Penulis: Fitria Novi Nuraini
Mahasiswa Universitas Pamulang Serang, Prodi Akuntansi
FAKTA – Sampah menjadi topik perbincangan yang tidak ada habisnya. Hal ini dikarenakan peningkatan jumlah penduduk menyebabkan volume sampah semakin meningkat seiring
dengan banyaknya aktivitas yang menghasilkan zat sisa.
Selain itu perubahan pola konsumsi masyarakat juga menyebabkan sampah yang dihasilkan menjadi lebih beragam.
Berdasarkan data SIPSN jumlah timbulan sampah yang ada di Indonesia pada tahun 2021 mencapai 21.192.511 ton per tahun dimana 41,7% didominasi oleh sampah sisa makanan dan diikuti
dengan sampah plastik sebesar 18,4%.
Sampah rumah tangga menjadi sektor terbesar yang menjadi sumber penyumbang sampah yaitu 38,2% yang diikuti pusat perniagaan (25,8%),
pasar tradisional (13%), fasilitas umum (7,3%).
Kondisi tersebut menyebabkan sampah menjadi sebuah permasalahan yang berskala nasional sehingga perlu dikelola secara baik oleh para pemangku kebijakan.
Menurut Undang-Undang Republik Indonesia Nomor 18 Tahun 2008 tentang Pengelolaan Sampah, sampah adalah sisa kegiatan sehari-hari manusia dan atau proses alam yang berbentuk padat.
Masalah utama yang menyebabkan sampah menjadi masalah besar
adalah perilaku masyarakat itu sendiri.

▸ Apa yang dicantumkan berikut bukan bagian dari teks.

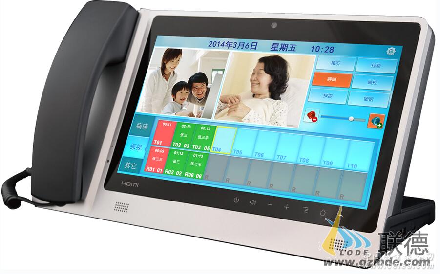 產品詳細介紹ICU探視對講主機功能特點: Ø 底座式,放置在護士站的桌面上即可; Ø 可設定為護士站主機和護士站副機;一套系統內最多可設定1臺護士主機和12臺護士站副機。 Ø 采用10.2寸數字真彩屏,linux操作系統,觸摸式操作,界面高檔美觀。 Ø 基于局域網,以TCP/IP協議傳輸視頻、音頻和控制信號,實現雙向可視對講。 Ø 須配合探訪分機和ICU分機使用。 Ø 高清可視對講,配送手持呼叫器,可手柄或免提通話,內置高靈敏度麥克風、高保真立體聲喇叭,并具有16K以上的聲音采樣率,使聲音更加逼真、宏亮。 Ø 最多可接30臺探訪分機和1000臺ICU分機。 Ø 有呼叫轉接功能,可為探訪分機轉接相應的ICU分機進行可視對講。 Ø 有監聽監視功能,當病人家屬與病人之間進行通話時,可對其監聽監視。 Ø 可設定分機的通話時間(10分鐘、30分鐘、60分鐘可選)。 Ø 有通話計時功能:可顯示探訪分機與ICU分機的通話時間,以便護士查看。 Ø 有強行切斷通話功能,根據病人的情況控制通話時間。 Ø 可呼叫病床及對講。 Ø 可外接耳麥。 Ø 采用低照度CMOS彩色攝像頭。 Ø 安裝簡捷,用RJ45標準網線,插入網絡交換機任一端口即可工作。

Sampah rumah tangga di Indonesia sebagian besar dibuang begitu saja tanpa dilakukan pengolahan maupun pemilahan sesuai dengan jenis
sampah.
Dampak yang ditimbulkan adalah penumpukan sampah di Tempat Pembuangan Akhir (TPA) yang pada akhirnya menimbulkan permasalahan baru seperti pencemaran lingkungan baik berupa pencemaran tanah maupun pencemaran lingkungan perairan (Fadilah, 2020).
Pembakaran sampah juga menimbulkan pencemaran udara yang dapat mengganggu kualitas udara (Hendra, 2016).
Oleh sebab itu, pengelolaan sampah menjadi suatu hal yang
perlu diberikan perhatian khusus sehingga tidak sampai menimbulkan permasalahan- permasalahan baru di sektor lain.
Indonesia menjadi negara dengan penghasil sampah plastik di lingkungan perairan terbesar kedua di dunia setelah Cina yaitu mencapai 187,2 juta ton.
Data tersebut didukung oleh data dari Kementrian Lingkungan Hidup dan Kehutanan atau KLHK yang menyebutkan bahwa plastik yang dihasilkan oleh anggota Asosiasi Pengusaha Ritel Indonesia atau APRINDO mencapai 10,95 juta lembar sampah kantong plastik hanya dalam waktu 1 tahun (Purwaningrum, 2016).
KLHK juga menyebut bahwa 15% dari sampah yang dihasilkan setiap harinya adalah sampah plastik yaitu sebesar 28,4 ribu ton sampah plastik per hari (Surono dan Ismanto, 2016).
Tingginya sampah plastik tersebut dikarenakan plastik adalah
produk yang serbaguna, mudah untuk dibentuk, ringan, kuat dan relatif murah. Sifat-sifat plastik tersebut menyebabkan banyak sektor industri yang menghasilkan produk berbahan plastik.
Meskipun memiliki beragam keunggulan, namun plastik bukan benda yang mudah untuk terurai atau terdegradasi oleh mikroba (Krisyanti et al., 2020).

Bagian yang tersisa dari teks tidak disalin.